# Load teslafi to MySQL/MariaDB or Spark SQL using PySpark

It is very useful in the data exploration or descriptive analytics phase of a project to be able to query your CSV files more or less directly using the power of SQL.

Spark makes this very simple by creating tables in Hive that reference the CSVs. In addition to SQL, this gives us the additional capabilities of the Spark and Pandas data frames.

Spark then allows us to create permanent tables in Hive using the very efficient Parquet file format. 

If we then want to store to a database outside of the Spark environment, we can save those dataframes to MySQL/MariaDB or other JDBC compliant databases.

## Prep the Spark server with the required JDBC driver `.jar` file

On Databricks, this can be done in the UI: Compute -> cluster -> Libraries

## Prep the target MySQL/MariaDB server
Create the database you want to use beforehand.  This code will create tables, but not the database.

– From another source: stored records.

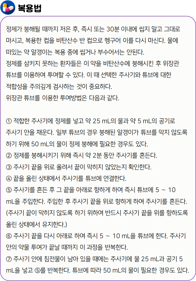 약을 삼키기 어려운 환자들은 이 약을 비탄산수 반 컵에 붕해시켜 복용하셔도 됩니다.
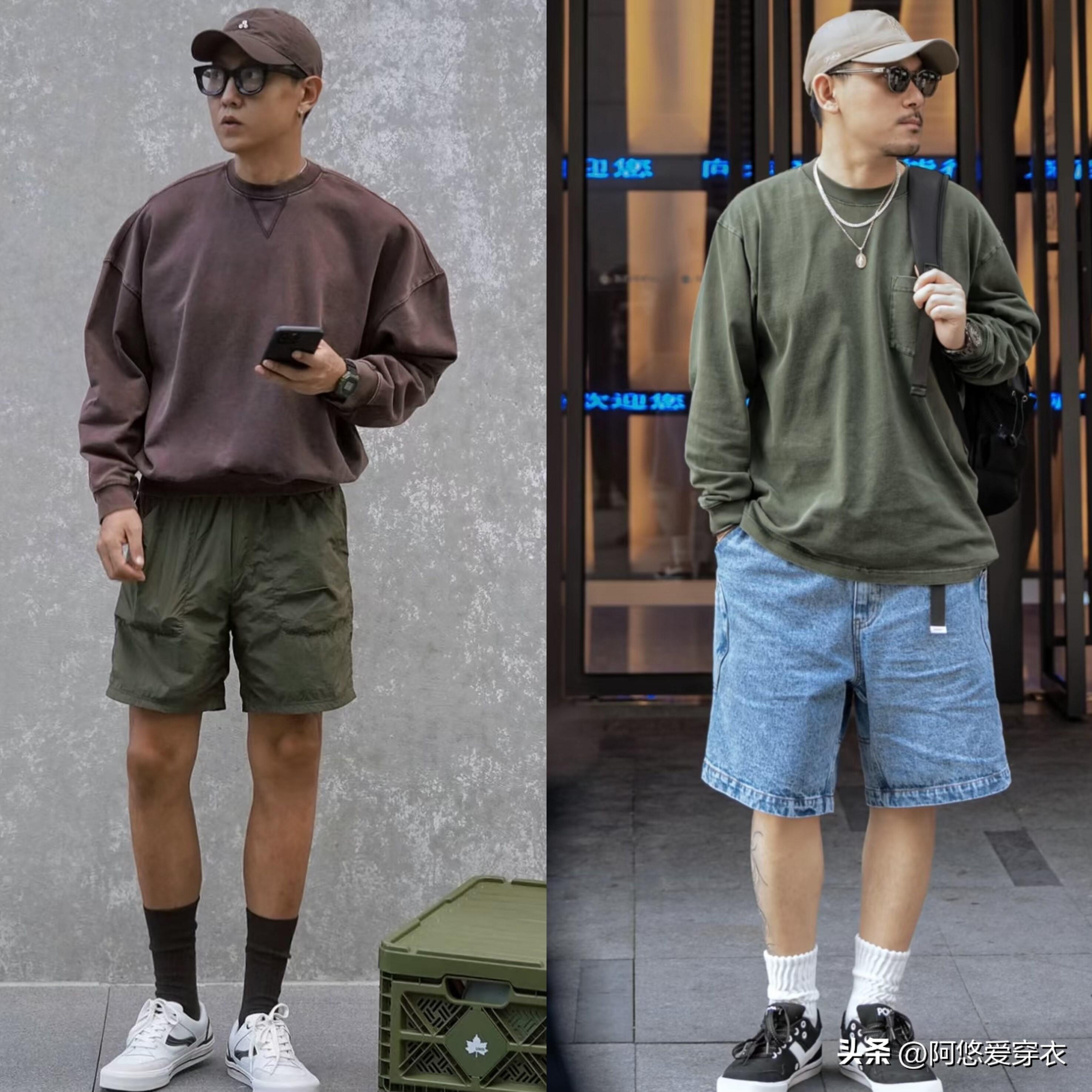穿衛衣要打造出清爽感,可以試試給腿部留白,比如這兩位大叔在穿衛衣的時候也沒有總是固守陳規搭配長褲,換成五分的短褲照樣很時髦,還可以露出小腿,降低下半身的堆積感,讓我們的整個搭配看起來鬆弛多了。再踩上一雙平底鞋,舒適度極高,日常逛街、戶外爬山都可以這麼搭配。
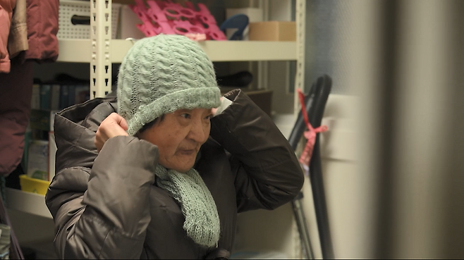 이른 아침, 발달장애인 75살 이희경 할머니가 외출 준비를 합니다. 목도리와 모자를 단단히 챙겨 입습니다.
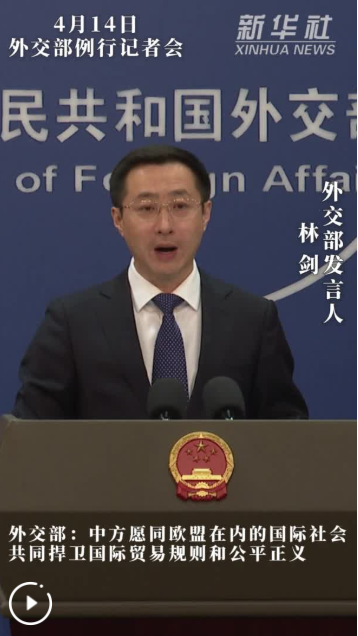 當(dāng)日例行記者會上,有記者問:當(dāng)前,全世界都非常關(guān)注特朗普政府對全球各國加征關(guān)稅造成的破壞性影響,中國和歐盟是全球主要經(jīng)濟(jì)體,近期中歐之間高層交往很多,請介紹雙方就美國加征關(guān)稅進(jìn)行溝通協(xié)調(diào)的情況。
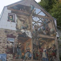 La cosa che ci ha colpito di più della città bassa è stato un enorme murales che rappresenta tutto quello che riguarda Quèbec City: si vede il cambio delle stagioni, è ritratto il fondatore della città, ci sono gli inuit che giocano ad hockey... Era enorme, e dal vivo la prospettiva era fatta così bene che sembrava di vedere una vera via della città!
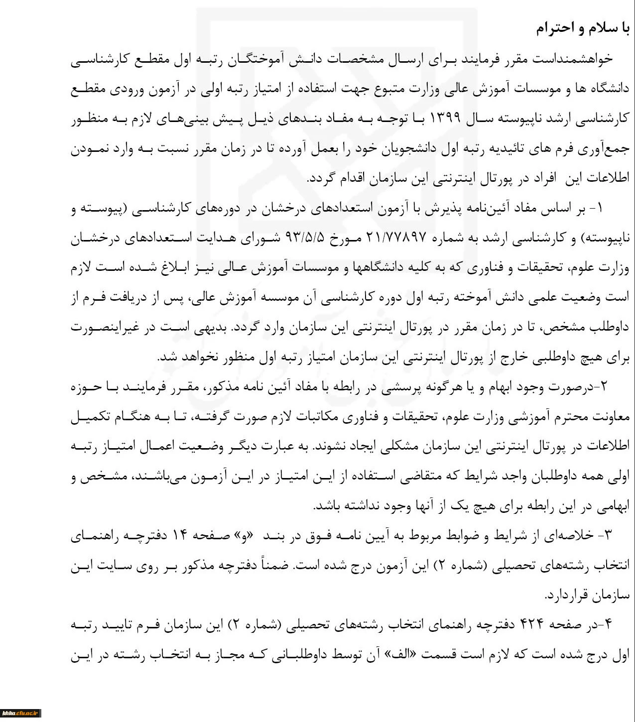 بخشنامه دانش اموختگان رتبه اول کارشناسی برای شرکت در ازمون ورودی مقطع کارشناسی ارشد ناپیوسته سال ۹۹ 2

On local Spark, the `.jar` can be placed in `$SPARK_HOME/jars/`

## Import libraries and configure secrets

In this example, we are using the `configparser` library to read a simple `.ini` style file named `CREDENTIALS.config`.  If you choose to use this method, create a section in the file like this:
```
[csvload]
sqluser = <myuser>
sqlpassword = <mypass>
sqlhost = <host or ip>
sqlport = <3306 or custom port>
sqldb = <database name>
```


In [None]:
import pyspark
import pandas as pd
from pyspark.sql import SparkSession
from pyspark.sql.types import StructType, StructField
from pyspark.sql.types import StringType, IntegerType
from pyspark.sql.types import DateType

import pandas as pd
from configparser import ConfigParser

import os
# os.environ['PYSPARK_SUBMIT_ARGS'] = '--jars /usr/share/java/mariadb-java-client.jar pyspark-shell'

import findspark
findspark.init()


In [None]:
# !env|grep SPARK
# !cp -v /usr/share/java/mariadb-java-client.jar $SPARK_HOME/jars/

# Establish our Spark session

In [None]:
# spark = SparkSession.builder.config("spark.jars", "/usr/share/java/mariadb-java-client.jar").appName("TeslafiLoad").getOrCreate()
spark = SparkSession.builder.appName("CSVLoad").getOrCreate()
sc = spark.sparkContext


In [None]:
# !echo $VIRTUAL_ENV
# !env|grep SPARK
!echo $SPARK_HOME
# !cp -v  /usr/share/java/mariadb-java-client.jar $SPARK_HOME/jars/
!ls $SPARK_HOME/jars
# # !pip install pandas findspark

In [None]:
# os.listdir(path='/data/data-files/teslafi/')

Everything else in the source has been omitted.